Further, the AT&T filing included examples of in-state calls between the Wisconsin district offices of U.S. Rep. Ron Kind (D-Wisc.). The offices are pre-subscribed to MCI/WorldCom for long-distance calling, but calls between the offices were routed over AT&T's network after being diverted through Canada.

 

AT&T's filing today said MCI/WorldCom achieved the deception by:

* Separating out only the calls to the most expensive independent telephone companies, thus reducing the likelihood that the scheme would be discovered;

 

* Routing the calls through three intermediaries, thus hiding the fact that the calls were MCI/WorldCom's customers;

 

* Routing the calls through a foreign country, thus further concealing the source and setting up the next step; and

 

* Taking advantage of the knowledge that upon delivery to AT&T's network, MCI/WorldCom's "customer traffic commingled with literally trillions of minutes of calls on the AT&T network each year."

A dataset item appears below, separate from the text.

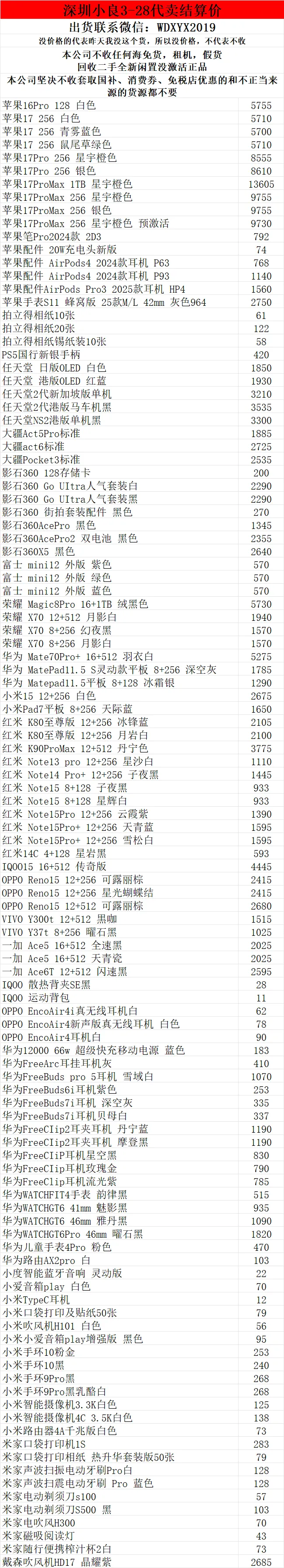 >深圳小良2026.3.28电子产品代卖结算价(美妆价格小程序查看)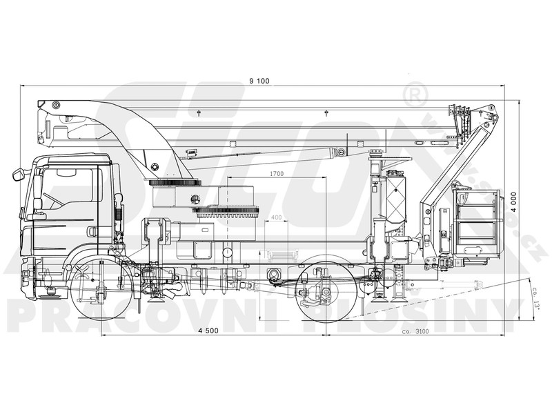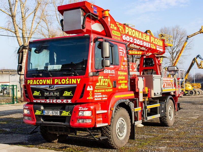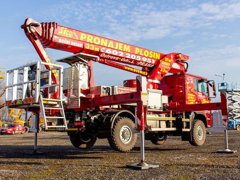 Nástavba Palfinger P370 je sestavena z otoče na podvozku, výložníku s kloubovým teleskopem a pracovního koše na tzv. JIB ramenu, které umožňuje dostat pracovní koš i do špatně přístupných míst. Maximální pracovní výška je 37 metrů. Stroj je vybavený generátorem elektrického proudu a velký pracovní koš s nosností až 500 kg je vybavený zásuvkami s napětím 230V a 24V. Ve výbavě nechybí držáky deskového materiálu s nosností 150 kilogramů. Vozidlo je osazeno terénními pneumatikami a díky pohonu 4x4 se tak dostane i do obtížněji přístupných míst. Specialitou stroje je výbava pro prořez zeleně - tedy bezpečnostní přepážka oddělující obsluhovatele od pracovníka provádějícího prořez a držák motorové pily. Autoplošina splňuje přísné bezpečností předpisy a mezinárodní normy. Stabilita plošiny je zajištěna pomocným rámem vozidla se čtyřmi výsuvnými podpěrami, které zachycují zatížení plošiny. Pro práci pouze na jedné straně stačí vysunout opěry na dané straně vozu a šetřit tak místo potřebné pro ustavení. Tato verze P370KS je na podvozku s rozvorem 4,5 metru a je vybavena spací kabinou. Podmínky pronájmu, doporučení k používání, informace ke školení a výpis zakázané manipulace najdete zde.

"Debtors (MCI/WorldCom) were well aware that even if AT&T had known to look, AT&T could not have easily detected Debtors' high-cost calls. Indeed, even after law enforcement notified AT&T of Debtors' fraudulent diversion scheme, it took AT&T weeks to locate the diversions in the ocean of data that AT&T's network generates," AT&T said in its filing today.

 

Elsewhere in its filing, AT&T said that MCI/WorldCom's description of its actions in admitting diverting traffic through Canada misstate the nature of the scheme. Yet, AT&T said, the admissions MCI/WorldCom made in its filing fall under the U.S. Seventh Circuit Court of Appeal's Pattern Jury Instruction for Mail and Wire Fraud, which state in part: "A scheme to defraud is a scheme that is intended to deceive or cheat another and to … cause the loss of money or property to another."

 

In seeking to justify its fraudulent actions by disclosing that detailed call-routing information traveled along with the voice telephone calls, MCI/WorldCom failed to show it wasn't violating the law, AT&T said.

 

" … The mere fact that there is disclosure during the course of the scam does not eradicate the swindle," AT&T said. "So too, the mere fact that a carrier discloses call detail as part of a scheme to deceive or an artful stratagem does not in itself eliminate the deception."

 

AT&T also denied MCI/WorldCom's assertions that it had participated in shifting its costs to another carrier, saying that the instances MCI/WorldCom cited in its filing were not fraudulent activities and that the facts underlying the assertions were either wholly distinguishable from the "Canadian Gateway" scheme or irrelevant to it. (–End AT&T Press Release–)''

 

If the Bush administration wanted to play with semantics and say they haven't snooped on any US-to-US calls (although it's becoming apparent that they have done so in some cases) the simple way would be to bulk route US-to-US calls through a third country (in this case Canada)

then call that an "international intercept."

 

No wonder * went with the "we don't intercept domestic-to-domestic calls." Routing such calls outside of the country between end-points would mean that a simple domestic-only call suddenly becomes an international call (and all this without any knowledge of the caller or callee.)